*** EXTRACTED DATA

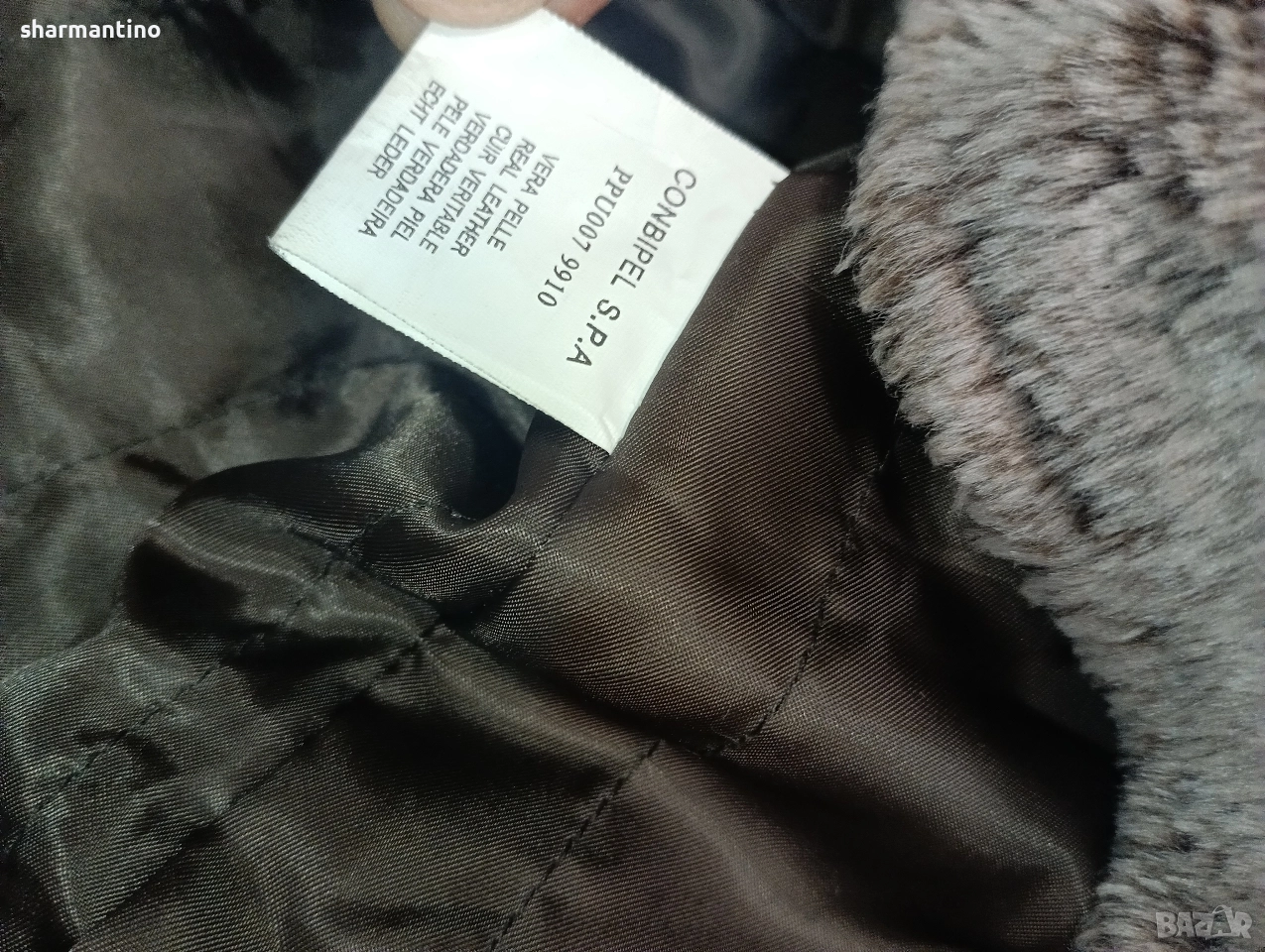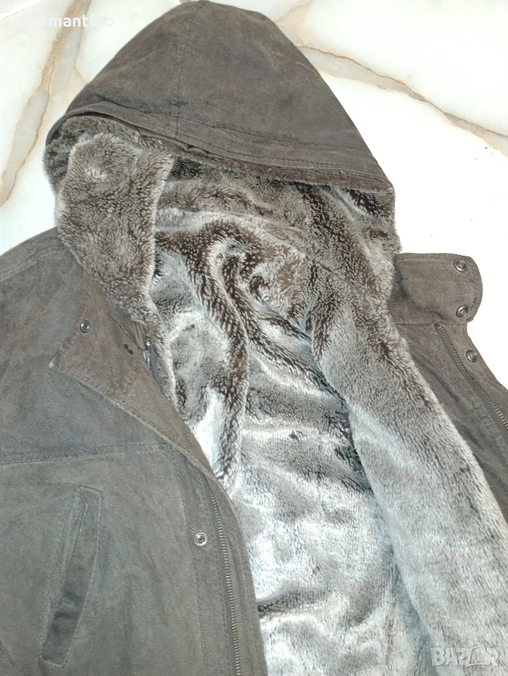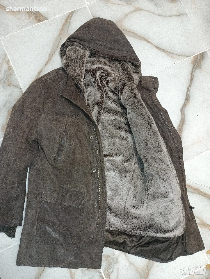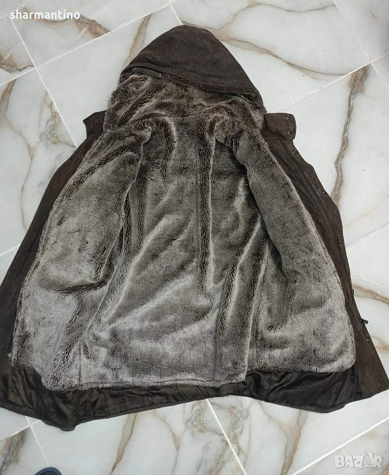 * МАРКА/МОДЕЛ - марково оригинално тъмно кафяво кожено палто Conbipel Vera Pelle. Със сваляема мека вата. Естествена кожа. С качулка.
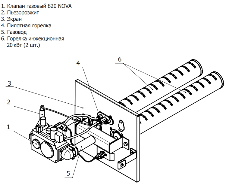 Горелочный блок оборудован такими узлами:
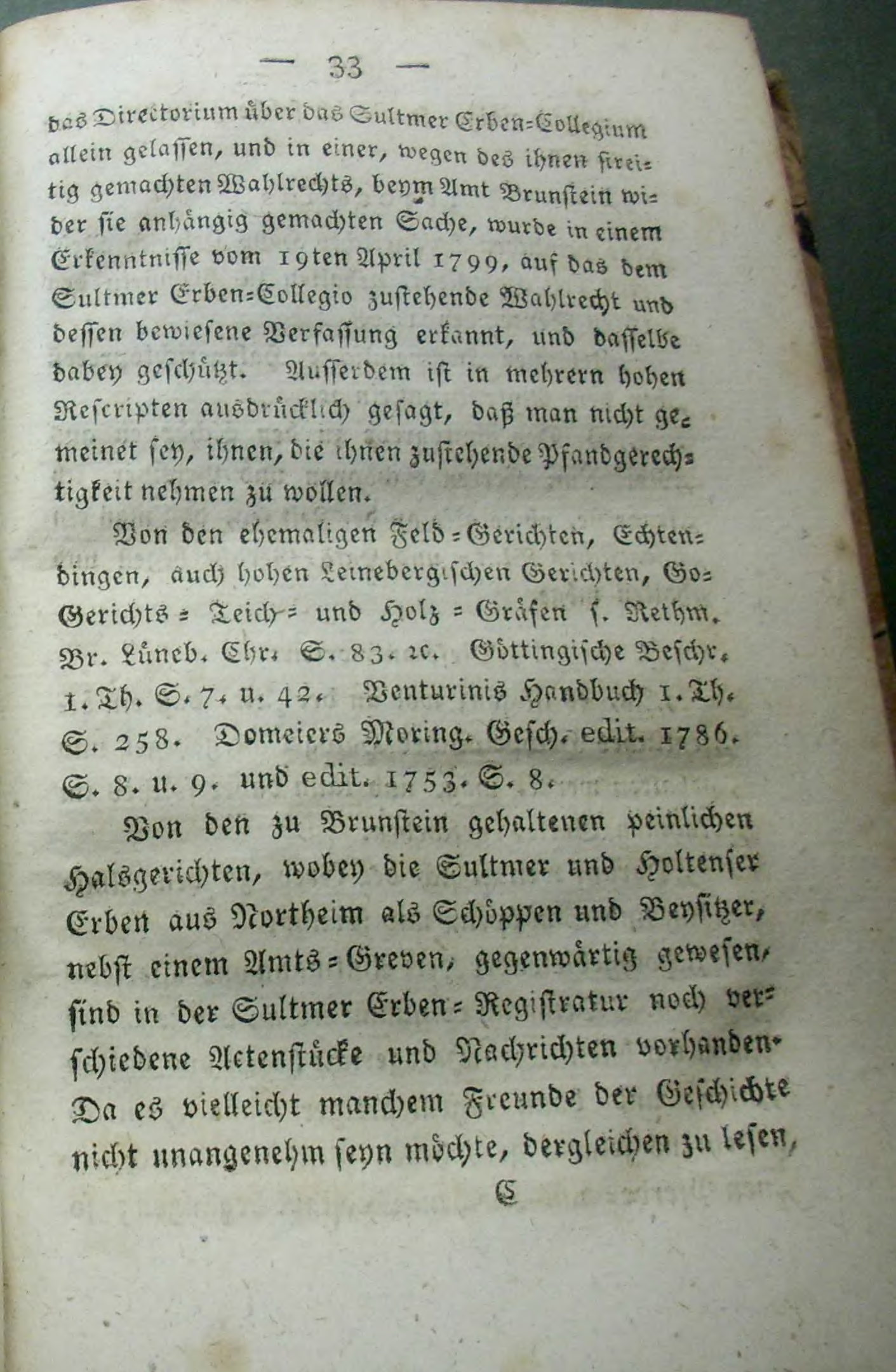 das Directorium über das Sultmer Erben-Collegium allein gelassen, und in einer, wegen des ihnen streitig gemachten Wahlrechts, beym Amt Brunstein wider sie anhängig gemachten sache, wurde in einem Erkenntnisse vom 19ten April 1799, auf das dem Sultmer Erben-Collegio zustehende Wahlrecht und dessen bewiesene Verfassung erkannt, und dasselbe dabey geschützt. Ausserdem ist in mehrern hohen Rescripten ausdrücklich gesagt, daß man nicht gemeinet sey, ihnen, die ihnen zustehende Pfandgerechtigkeit nehmen zu wollen.
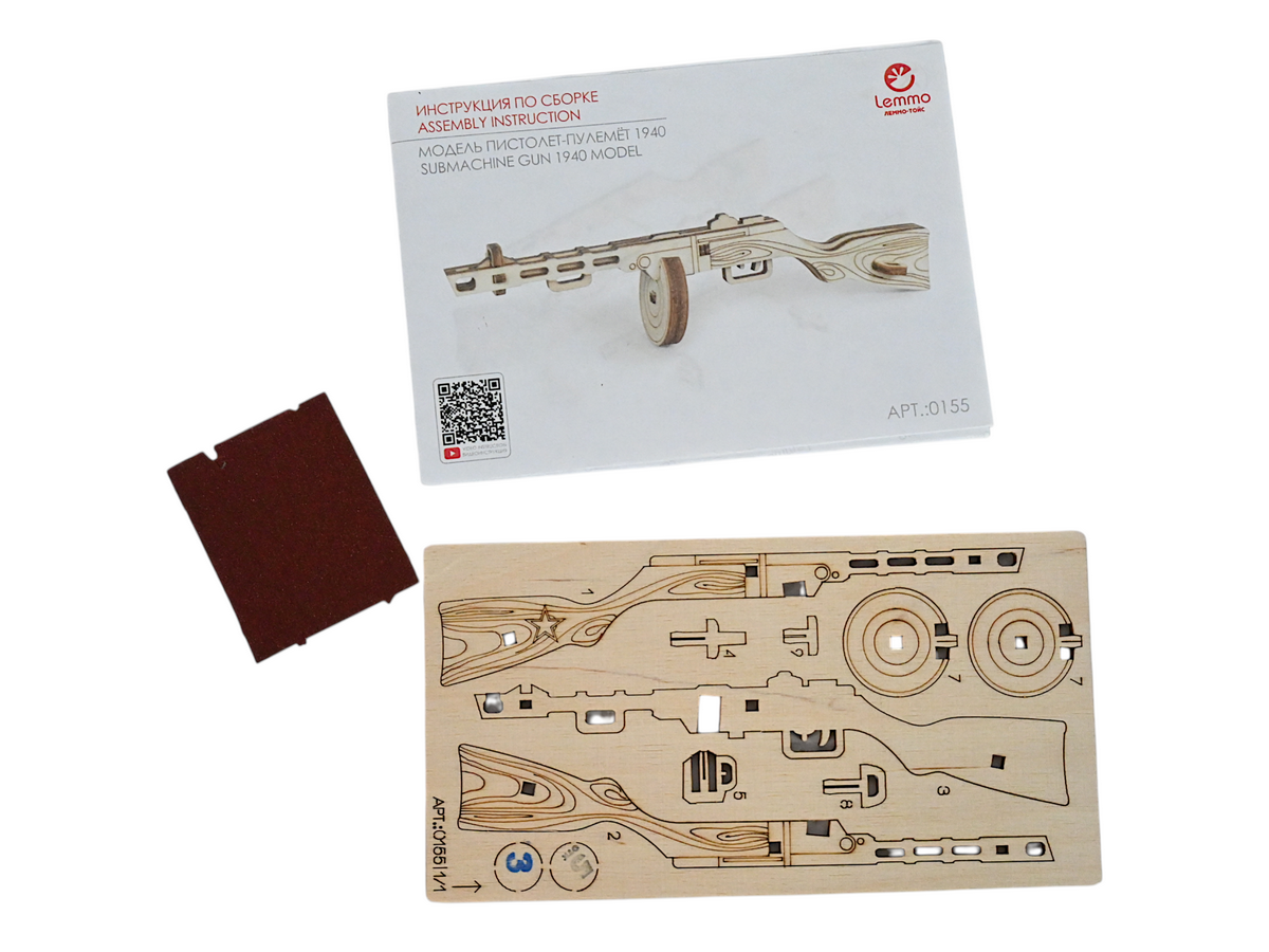 Деревянный конструктор Lemmo ПИСТОЛЕТ-ПУЛЕМЕТ 1940, 9 деталей
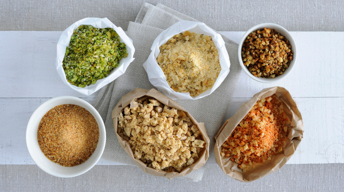 La crosticina croccante è il quid che esalta le pieghe della pasta e il ripieno morbidamente cremoso; se le alte temperature del forno e la dotazione del grill aggiungono facilmente la copertura crunchy, in padella si deve ricorrere a qualche escamotage: preparate un composto sabbioso mescolando pangrattato, formaggio grattugiato (grana, Parmigiano, pecorino, ricotta dura per esempio) e olio extravergine di oliva o fiocchetti di burro. Al posto del pangrattato (foto sopra) potete usare mollica di pane o corn flakes. A piacere potete insaporire il composto con spezie, erbe aromatiche, granella di frutta secca, capperi e uvetta tritata. Lavorate il miscuglio con le mani per ottenere delle briciole e rosolatele in padella finché diventano croccanti (potete usare lo stesso trucco anche sulla pasta, come vi raccontiamo qui). Distribuite sulla superficie delle lasagne o dei cannelloni una volta serviti e avrete un boccone croccante. Il forno? In estate, questo sconosciuto…
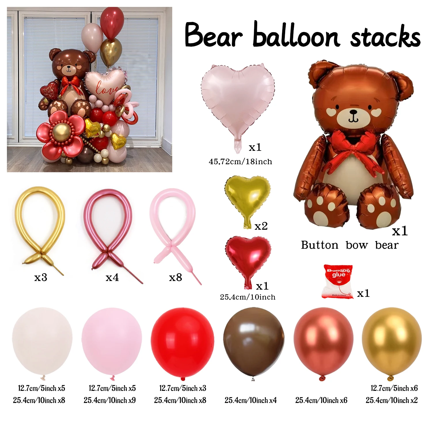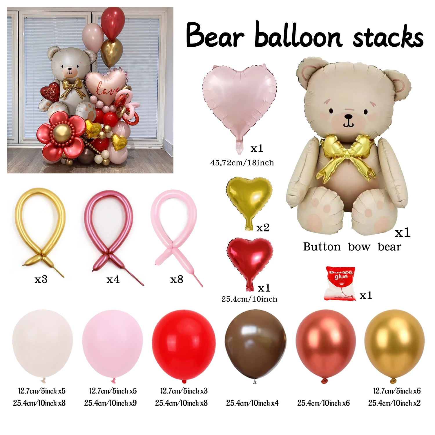 Valentine's Day Bow Bear Set with Love Aluminum Film Balloon Valentine's Day Wedding Shower Party Decoration Photo Props
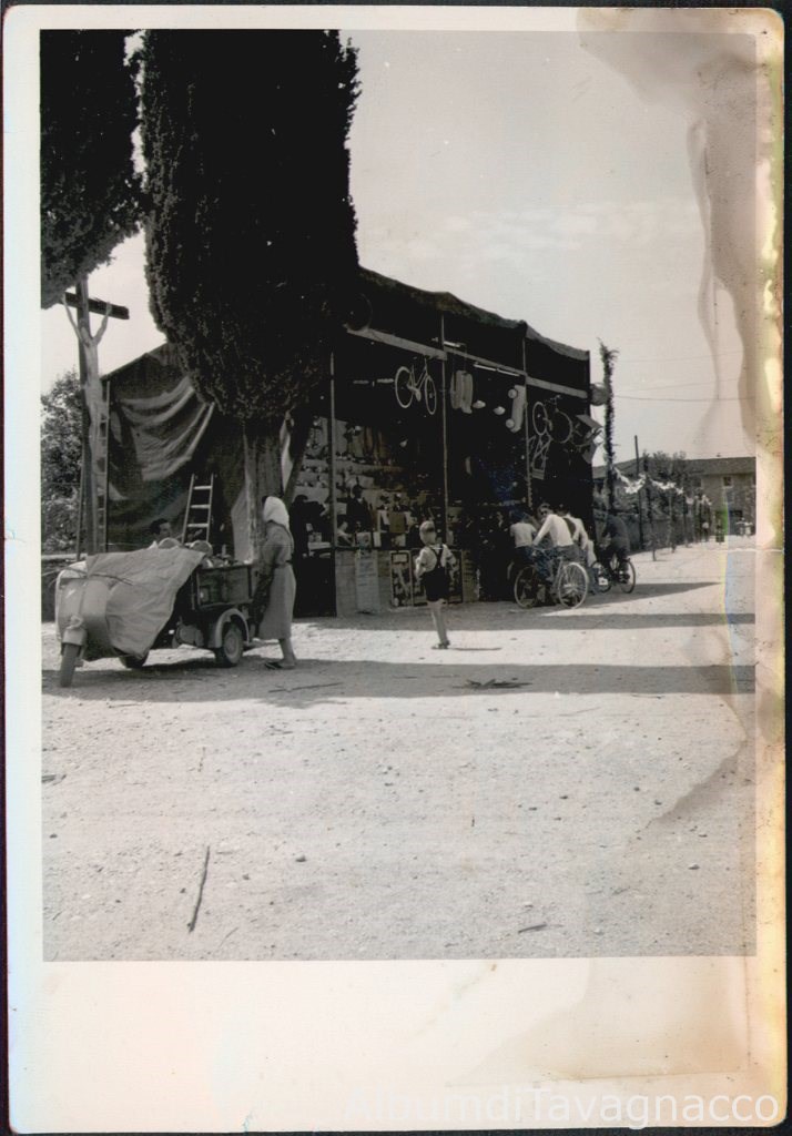 Il baraccone della pesca di beneficenza, installato in Via Dante, nei pressi del crocefisso, durante la sagra d'agosto.

******

▶ **REQUIRED WORK**
Your answer must be an exact transcription of the records above, minus the pictures.

▶ **REPLY**
 * МАРКА/МОДЕЛ - марково оригинално тъмно кафяво кожено палто Conbipel Vera Pelle. Със сваляема мека вата. Естествена кожа. С качулка.
 Горелочный блок оборудован такими узлами:
 das Directorium über das Sultmer Erben-Collegium allein gelassen, und in einer, wegen des ihnen streitig gemachten Wahlrechts, beym Amt Brunstein wider sie anhängig gemachten sache, wurde in einem Erkenntnisse vom 19ten April 1799, auf das dem Sultmer Erben-Collegio zustehende Wahlrecht und dessen bewiesene Verfassung erkannt, und dasselbe dabey geschützt. Ausserdem ist in mehrern hohen Rescripten ausdrücklich gesagt, daß man nicht gemeinet sey, ihnen, die ihnen zustehende Pfandgerechtigkeit nehmen zu wollen.
 Деревянный конструктор Lemmo ПИСТОЛЕТ-ПУЛЕМЕТ 1940, 9 деталей
 La crosticina croccante è il quid che esalta le pieghe della pasta e il ripieno morbidamente cremoso; se le alte temperature del forno e la dotazione del grill aggiungono facilmente la copertura crunchy, in padella si deve ricorrere a qualche escamotage: preparate un composto sabbioso mescolando pangrattato, formaggio grattugiato (grana, Parmigiano, pecorino, ricotta dura per esempio) e olio extravergine di oliva o fiocchetti di burro. Al posto del pangrattato (foto sopra) potete usare mollica di pane o corn flakes. A piacere potete insaporire il composto con spezie, erbe aromatiche, granella di frutta secca, capperi e uvetta tritata. Lavorate il miscuglio con le mani per ottenere delle briciole e rosolatele in padella finché diventano croccanti (potete usare lo stesso trucco anche sulla pasta, come vi raccontiamo qui). Distribuite sulla superficie delle lasagne o dei cannelloni una volta serviti e avrete un boccone croccante. Il forno? In estate, questo sconosciuto…
 Valentine's Day Bow Bear Set with Love Aluminum Film Balloon Valentine's Day Wedding Shower Party Decoration Photo Props
 Il baraccone della pesca di beneficenza, installato in Via Dante, nei pressi del crocefisso, durante la sagra d'agosto.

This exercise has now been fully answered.